Rien ne va plus depuis plusieurs semaines à Toulouse. Plus mauvais résultats dans l’histoire du club en Ligue 1, fronde des supporters, élimination honteuse face à un club de National 2 en Coupe de France, Kombouaré limogé deux mois et demi après son arrivée en remplacement de Casanova... les sujets d’inquiétude sont multiples pour le président Olivier Sadran, qui a accepté de se livrer à un exercice qu’il n’affectionne pas vraiment, la conférence de presse. Durant plus d’une heure, il a partagé son point de vue sur la crise traversée par son club.

« J’ai dit aux joueurs que nous étions aujourd’hui en Ligue 2, et que nous avions cinq points de retard sur la Ligue 1. A eux de faire ce qu’il faut pour être en Ligue 1 en mai. (…) J’ai senti beaucoup de peur et de confiance individuelle perdue chez certains joueurs, y compris les plus expérimentés. Dans ces moments là, il faut travailler sur des choses simples, comme bien défendre en premier », a-t-il notamment déclaré. Il a pointé du doigt certaines attitudes individualistes et a rappelé que, en cas de descente en L2, plusieurs d’entre eux resteront au club pour assumer la relégation.
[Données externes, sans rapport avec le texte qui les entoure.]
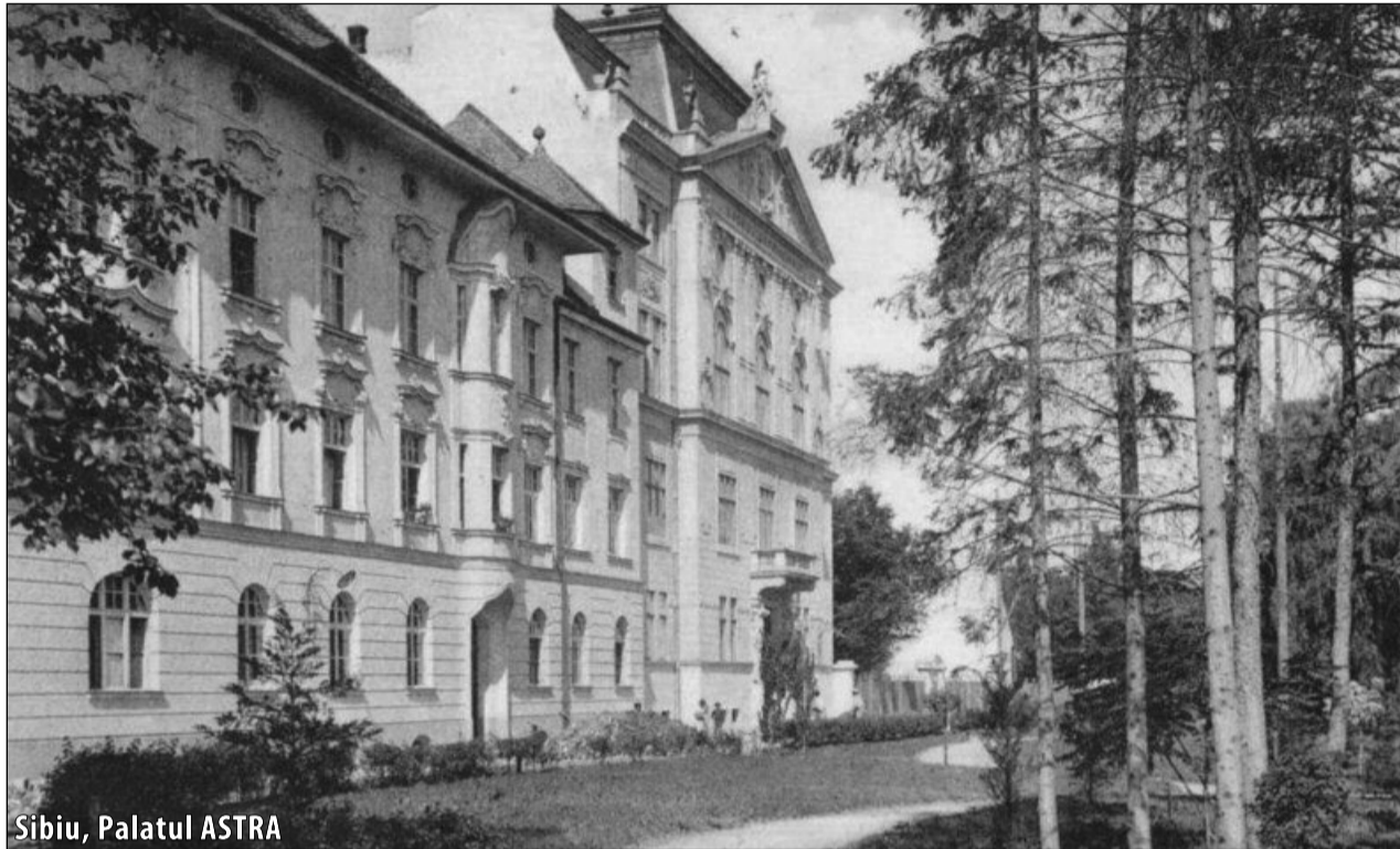
Sibiu, Palatul ASTRA

În afară de acestea tot de loterie atârână și lărgirea actualelor case ale Asociațiunii din Sibiu, care sunt absolut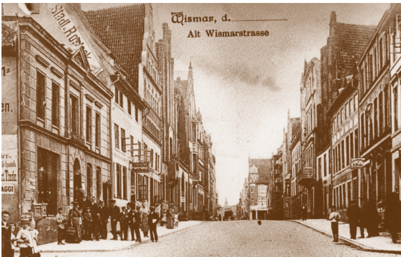
Fotosammlung F 05-0273 - Altwismarstraße, © Archiv der Hansestadt Wismar

Der Bereich „Hinter dem Rathaus“ ist ebenso wie die Hegede erst Anfang des 14. Jahrhunderts vom Marktplatz abgeteilt worden. Bis dahin erstreckte sich der Marktplatz auch noch hinter dem Rathaus. Die beiden Torstraßen Altwismarstraße und die Lübsche Straße boten also einen direkten Zugang zum Marktplatz.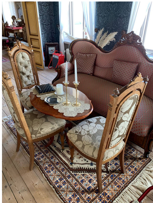
En av sittgrupperna. Se de eleganta stolarna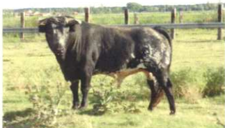
Nº 5 DE M o JESÚS BARRAL. ENCASTE COQUILLA 505 kg. (toro 4 años)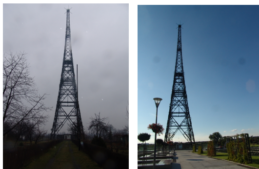
Zabudowania Radiostacji Gliwickiej, ul. Tarnogórska, stan przed i po pracach remontowo-konserwatorskich.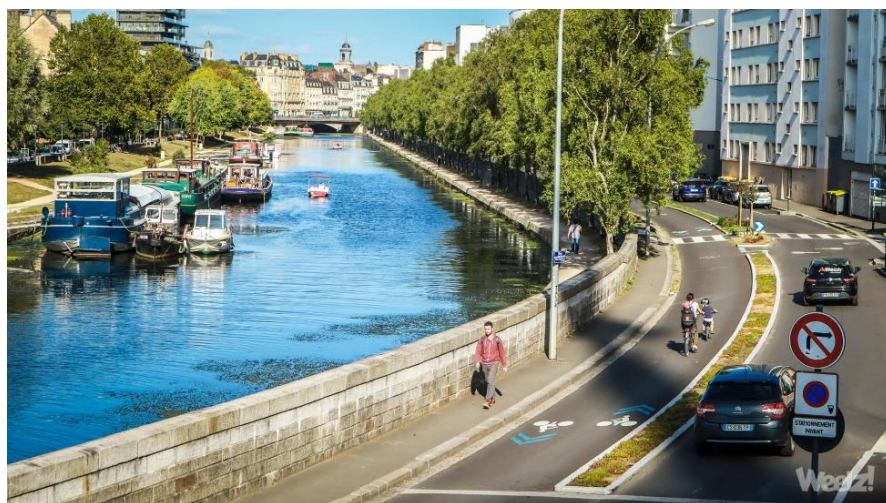
Photo : le Réseau Express vélo de Rennes métropole (source Ouest France)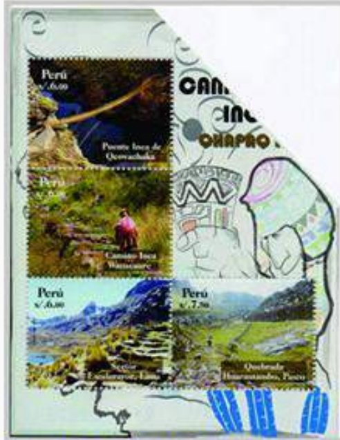
Perú 2009. Un pequeño lote de estas hojas souvenir fueron emitidas solo por pocos días antes de ser regresadas a la oficina principal de correo debido a problemas de derechos de autor por el chamán en la viñeta.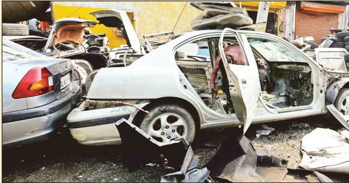
वाहन कबाड़ सुविधाएं या केंद्र खोल सकते हैं।

पॉलिसी पुराने और प्रदूषण फैलाने वाले गाड़ियों को स्टेप वाइज खत्म करने में मदद करेगा। देश के हर जिले में 3 कबाड़ केंद्र खोलने की योजना: हाल ही में गडकरी ने बताया था कि सरकार ने देश के हर जिले में कम से कम तीन रजिस्टर्ड वाहन कबाड़ केंद्र खोलने की योजना बनाई है। उन्होंने कहा कि सड़क मंत्रालय को रोपवे, केबल कार और फनिक्च्युलर रेलवे (केबल रेलवे) के लिए 206 प्रस्ताव मिले हैं। और सरकार हर जिले में तीन पंजीकृत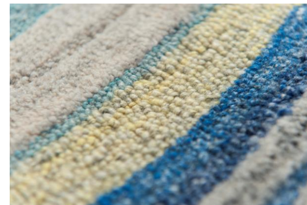
détails – details – detalles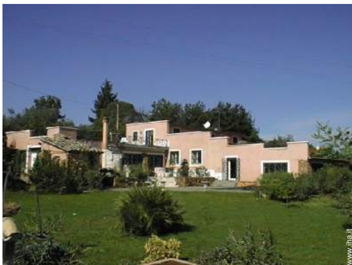
Villa di Charme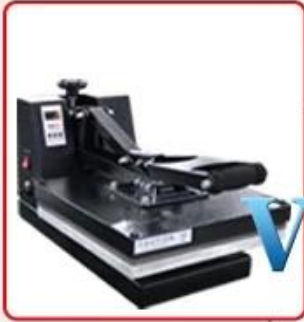
Stronger structure with high pressure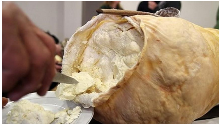
Slika 9. Sir iz mišine (Anonymus 9, 2021)

Zbog specifičnih biokemijskih procesa do kojih dolazi prilikom zrenja u mišini, sir iz mišine ima jedinstven, intenzivan i pikantan okus. Boja mu je bijelo-žućkasta, ima tvrdi teksturu i nema koru ( Barukčić i Tudor Kalit, 2019).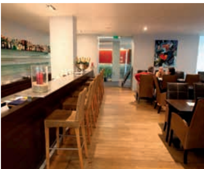
Kennedy Hotel, interieur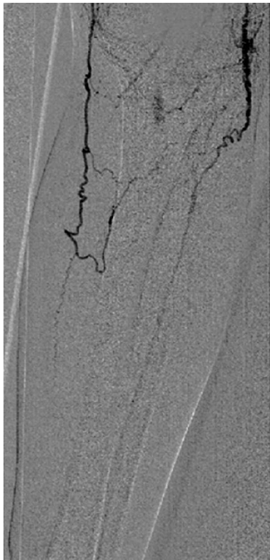
Figura 4 Imagen arteriográfica que muestra arteriopatía distal severa, con salida por ramas colaterales procedentes de tercera porción poplíteo.

Este cuadro va a requerir una intervención urgente que detenga la hemorragia y disminuya las complicaciones. La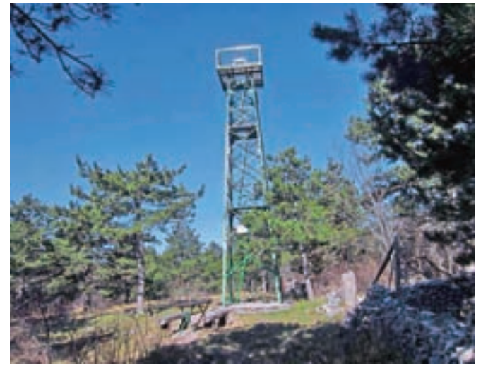
Vrh Lačne z razglednim stolpom

sledimo kolovozu, lahko pa gremo malce po svoje in hodimo bolj po robu, z razgledom na Komare doline. Ko sledimo kolovozu, dosežemo neizrazit, a razgleden Vrh križa. Kolovoz preide v pas borovega gozdička. Z nekaj sreče opazimo na jasi manjšega možica, ki označuje nemarkirano pot na bližnji Krog. Vmes opazimo tudi zanimive table, na katerih je narisana goba. Table označujejo eno od učnih poti, ki so jih pripravili v Gobarsko-mikološkem društvu Slovenske Istre. S kroga nadaljujemo naprej proti Kuku, ki ga že vidimo v daljavi, in slej ko prej spet dosežemo kolovoz. Gozd preidev vse bolj odprt teren, na gola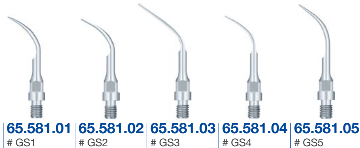
65.581.01 # GS1 65.581.02 # GS2 65.581.03 # GS3 65.581.04 # GS4 65.581.05 # GS5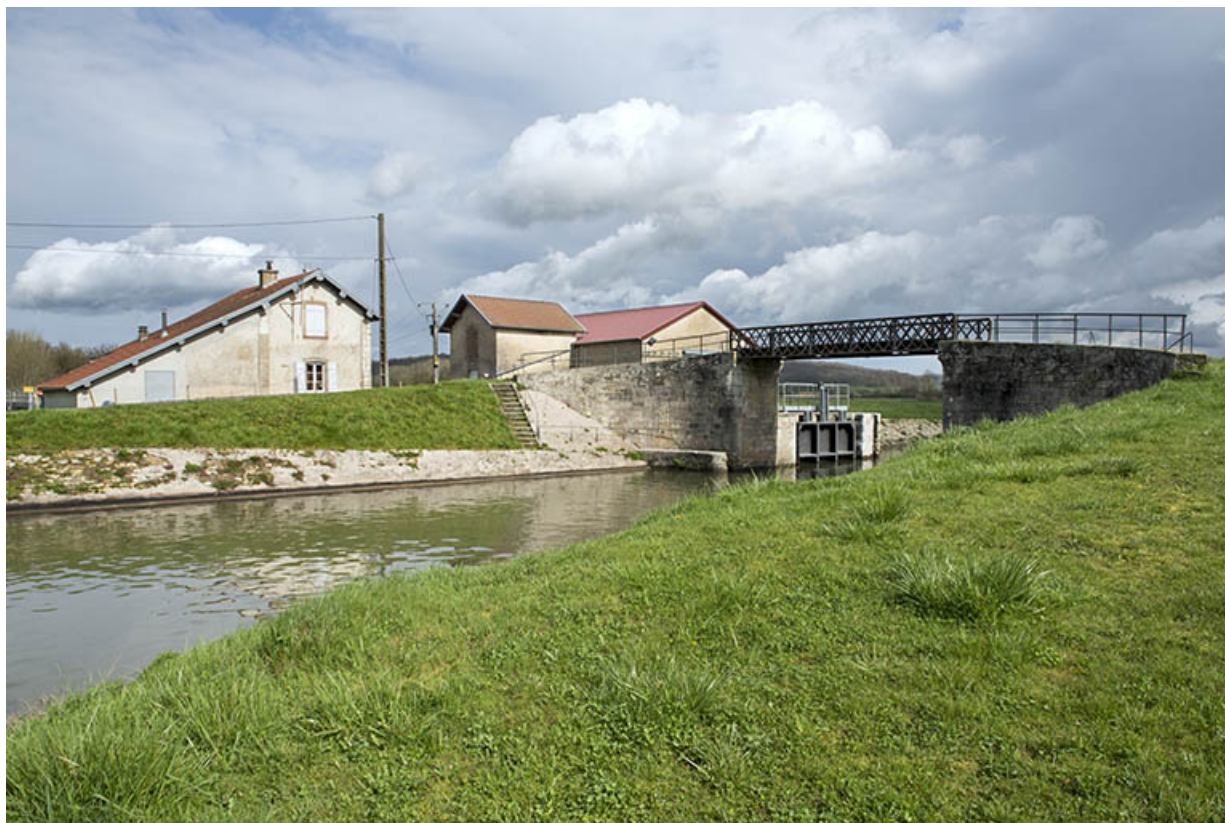
La porte de garde, la maison du garde, le hangar (Voies navigables de France), la passerelle vus de la rive gauche en aval. 70, Cendrecourt, lieudit : corne des Prés Popet Pré Popet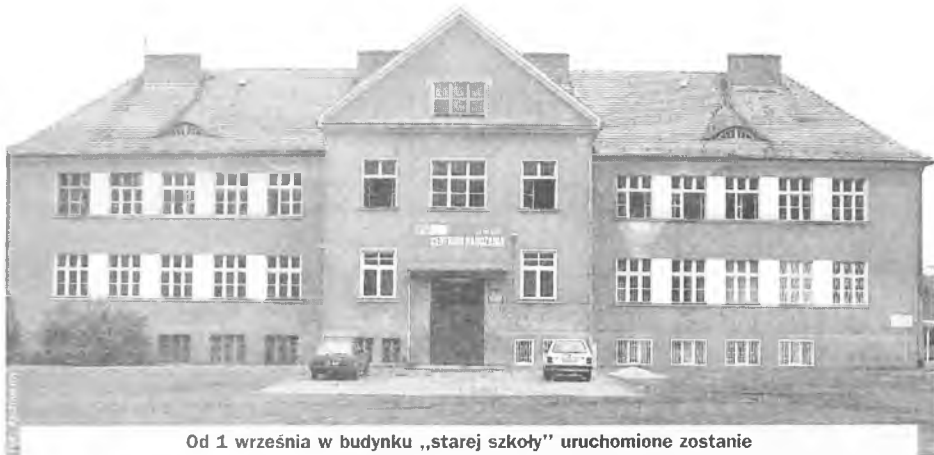
Od 1 września w budynku „starej szkoły” uruchomione zostanie Centrum Edukacyjno - Artystyczne „ABC Plus”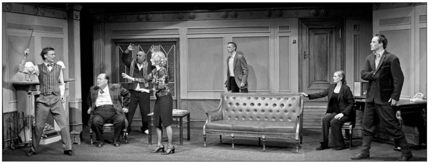
Der Klassiker unter den Kriminalstücken: „Die Mausefalle“ wird am Dienstag, 14. Dezember 2010, um 20 Uhr vom Berliner Kriminaltheater im Waiblinger Bürgerzentrum aufgeführt.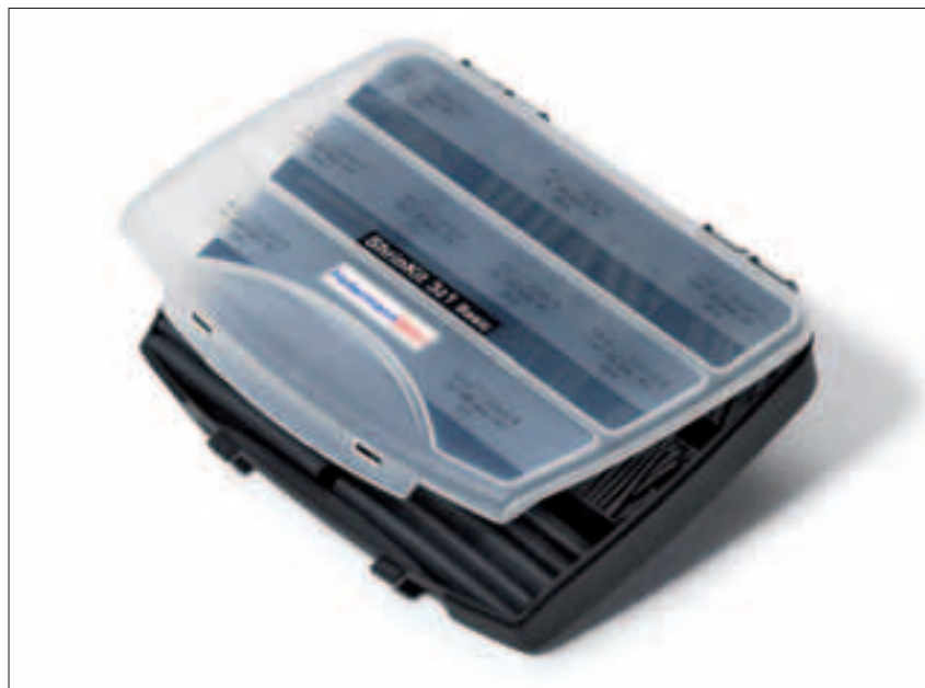
ShrinKit 321 Basic.

Denne æske indeholder et stort udvalg af sorte krympeslanger i 5 forskellige størrelser og længder.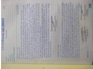
Foto Bitacora: Foto Bitacora 2: Foto Bitacora 3: Foto Bitacora 4: Foto Bitacora 5: Foto Bitacora 6:

Confirma Bitacora: Si Nro Informe: 02 Fecha Informe: 04-12-2019 Nombre De La Obra: Carretera Patahuasi - Yauri - Sicuani, tramo: Negromayo- Yauri-San Genaro Personal Encargado: R O M M E L C H A N C A RAMIREZ

Mais il garde une pointe d’optimisme malgré tout et il n’a ainsi pas totalement accablé ses joueurs. « J’ai voulu leur faire passer le message de l’espoir, mais celui-ci ne vaut rien sans la volonté commune. Les projets individuels existent forcément mais il faut absolument arriver à les transformer en objectifs collectifs », a-t-il martelé. Parfois désabusé, voire abattu, Sadran semble malgré tout croire à une remontée, et espère que la confiance reviendra chez les joueurs. Il a également assuré qu’en cas de descente, il assumerait ses responsabilités : à savoir qu’il resterait au club pour en assurer la pérennité économique.